In 1956, Blue Note employed Reid Miles, an artist who worked for Esquire magazine. The cover art produced by Miles, often featuring Wolff's photographs of musicians in the studio, was as influential in the world of graphic design as the music within would be in the world of jazz. Under Miles, Blue Note was known for their striking and unusual album cover designs. Miles' graphical design was distinguished by its tinted black and white photographs, creative use of sans-serif typefaces, and restricted color palette (often black and white with a single color), and frequent use of solid rectangular bands of color or white, influenced by the Bauhaus school of design.

Though Miles' work is closely associated with Blue Note and has earned iconic status and frequent homage, Miles was only a casual jazz fan, according to Richard Cook; Blue Note gave him several copies of each of the many dozens of albums he designed, but Miles gave most to friends or sold them to second-hand record shops. A few mid-1950s album covers featured drawings by a then-unknown Andy Warhol.

Some of his most celebrated designs adorned the sleeves of albums such as Midnight Blue, Out to Lunch!, Unity, Somethin' Else, Let Freedom Ring, Hub-Tones, No Room for Squares, Cool Struttin', and The Sidewinder.
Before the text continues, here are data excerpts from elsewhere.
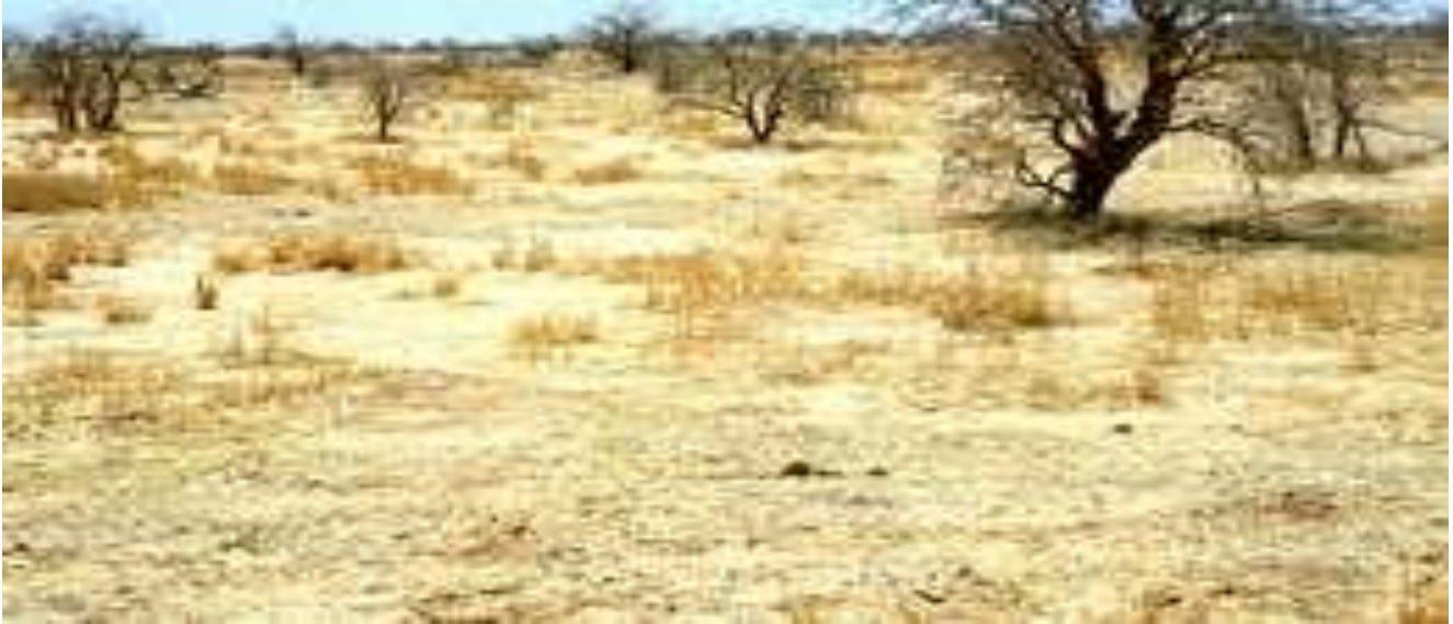
Figure 6: sahel savanna

The Sahel savanna, is found to the extreme Northwest and Northeast of the country, where the annual rainfall is less than 600 mm and with dry seasons exceeding 8 months (WWF, 2007). It is a transitional ecoregion of semi-arid grasslands, savannahs, steppes and thorn shrubs lying between the wooded savanna to the south, and the sahara to the north. The topography is mainly flat; usually between 200 – 400 meters in elevation (Dai et al. , 2004).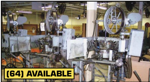
Eubanks 400-04-9915-173 Straightener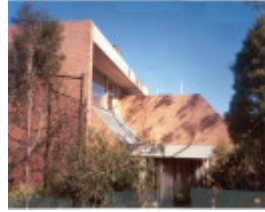
22365 House - 18 Summit Drive, Bulleen (B)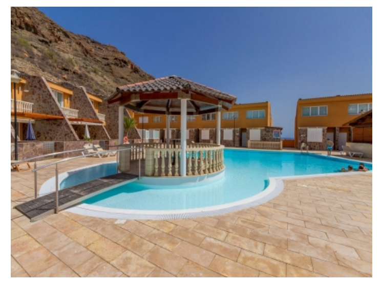
Large community pool area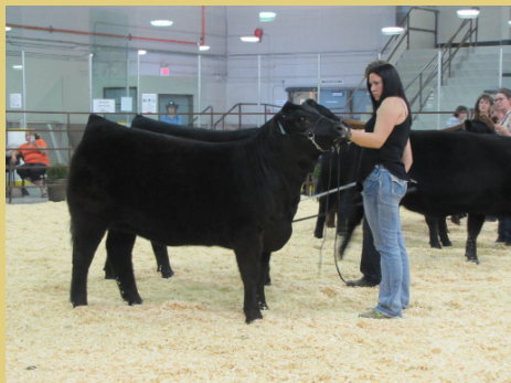
Cottage Lake Livestock's purebred Limousin heifer PKL 904B Cottage Lake Blue Orchid won Reserve Champion Heifer in the open show at the UFA Country Classic Stock Show in Josephburg, AB on May 24th.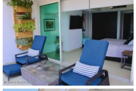
MLS Vallarta Nayart Compostela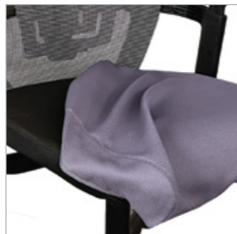
Changeable seat cover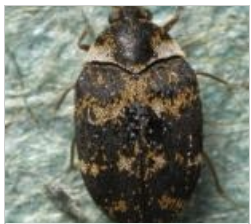
Dark carpet beetle Anthrenus fuscus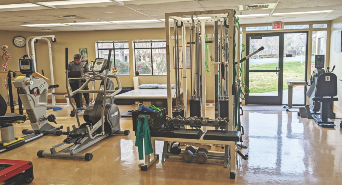
MTMC physical therapy staff is outstanding, and new fundraising to upgrade the equipment will provide state-of-the-art care.

Foundation board members are currently focused on a fundraising strategy to upgrade the Physical Therapy Department at Mark Twain Medical Center.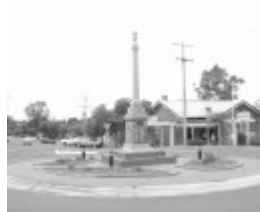
108531 IMG 1479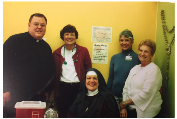
A clinic is born! The Center for Hope and Healing in it's early days, before the new location. We only had a small corner, but we made it work until we found a new home!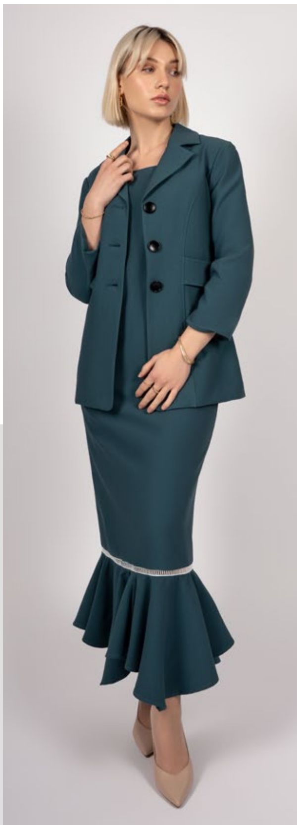
Broadway Show - Jacket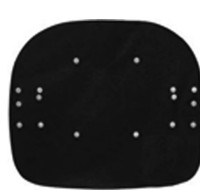
Seat Cover #7-USCKI64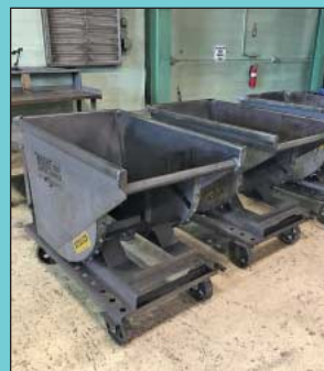
(4) Portable Self Dumping Hoppers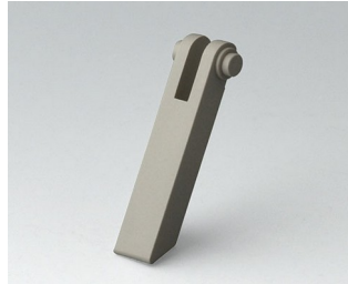
A0350008 Tilt foot ABS (UL 94 HB) pebble grey RAL 7032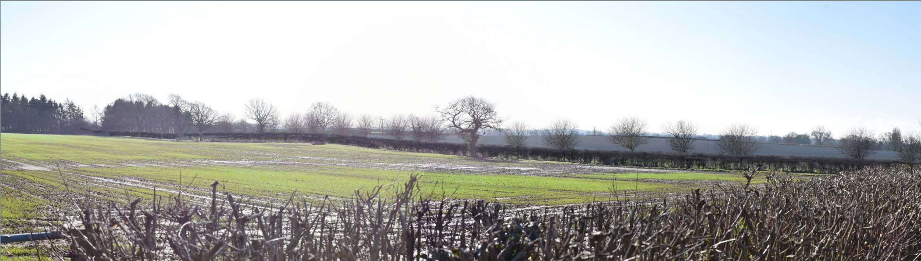
Render view Year 15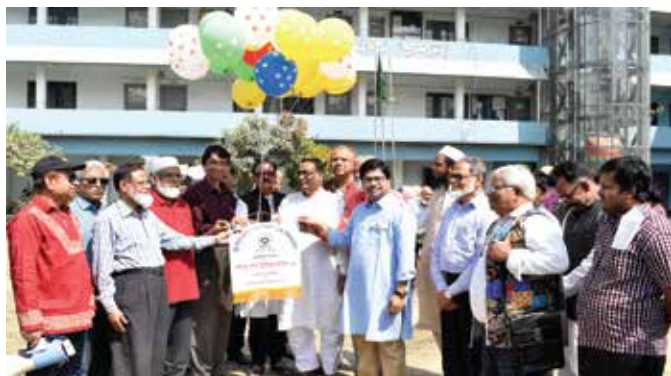
Inauguration of Birth Centenary of Bangabandhu at TMC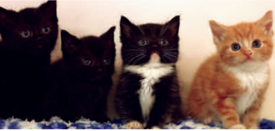
Abandoned by the young man who kept changing his story.

These are just a few examples of the cats and kittens we have had to take in. We have had around 100 kittens in this year that have either been dumped, or picked up by the inspectors. If only the queens to these kittens had been neutered.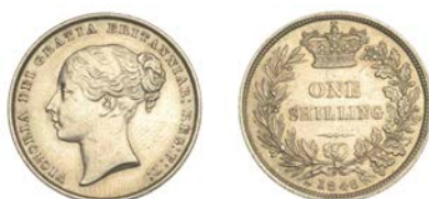
342 Shilling, 1846 (ESC 2992 [1293]; S 3904). Lightly cleaned and with some minor marks, otherwise extremely fine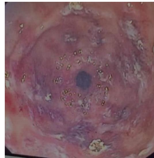
GAVE : Post-APC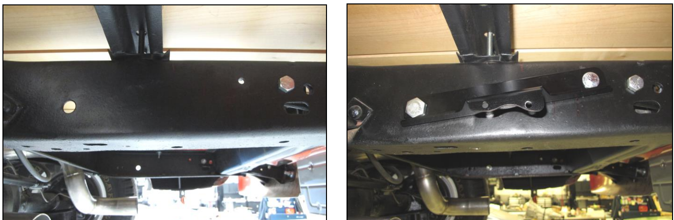
Driver's Side Tailpipe Hanger Frame Bracket Installation Figure 2

3. Attach the supplied rear tailpipe hanger brackets onto the outside of the rear frame rails behind the rear tires. Use one supplied 5/8" and 5/16" nut and bolt, and the existing 5/8" and 5/16 holes in each frame rail for this purpose. The small bent flanges of each bracket that the two 1/4" holes lie on will point towards the ground when the brackets are in their correct left/right side orientation. Refer to the images in Figure 2 below for visual reference.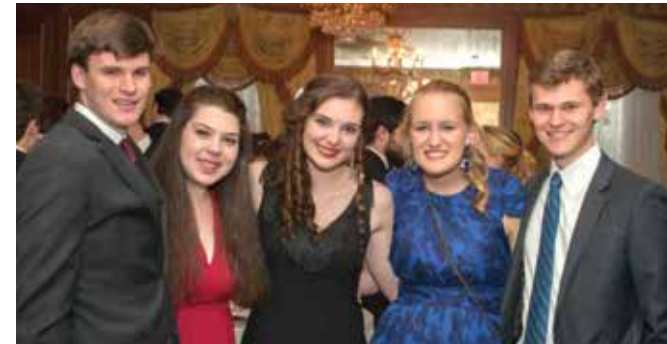
Buckley Fellows at the Disinvitation Dinner.

In the 2014-2015 academic year, the number of student fellows grew to 120. Through this program, Yale students get the opportunity to meet with guest speakers over a meal, receive free books, and attend conferences. In February, for example, we sponsored five Buckley fellows attending the Conservative Political Action Conference. In April, dozens of Buckley fellows attended the inaugural Disinvitation Dinner in New York City.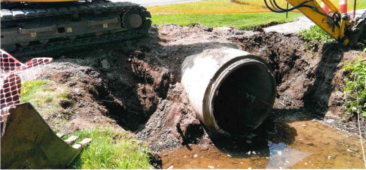
Washington Street Bridge Project

===Lion retires; Wolff dies===
Blue Note was acquired by Liberty Records in 1965 and Lion, who had difficulties working within a larger organization, retired in 1967. Reid Miles' association with the label ended in late 1967. In 1968, Liberty Records was acquired by Transamerica Corporation, a holding company. The same year, United Artists Records merged with Liberty, along with its subsidiary labels including Blue Note. In 1972, the group was consolidated into one entity as United Artists Records. From late 1967 to 1971, recording sessions were produced by Wolff or pianist Duke Pearson, who had succeeded Ike Quebec in A&R in 1963 (following Quebec's death). Francis Wolff died in 1971 and Pearson left the label in the same year.

At the end of the 1960s, the company headquarters were moved to 1776 Broadway.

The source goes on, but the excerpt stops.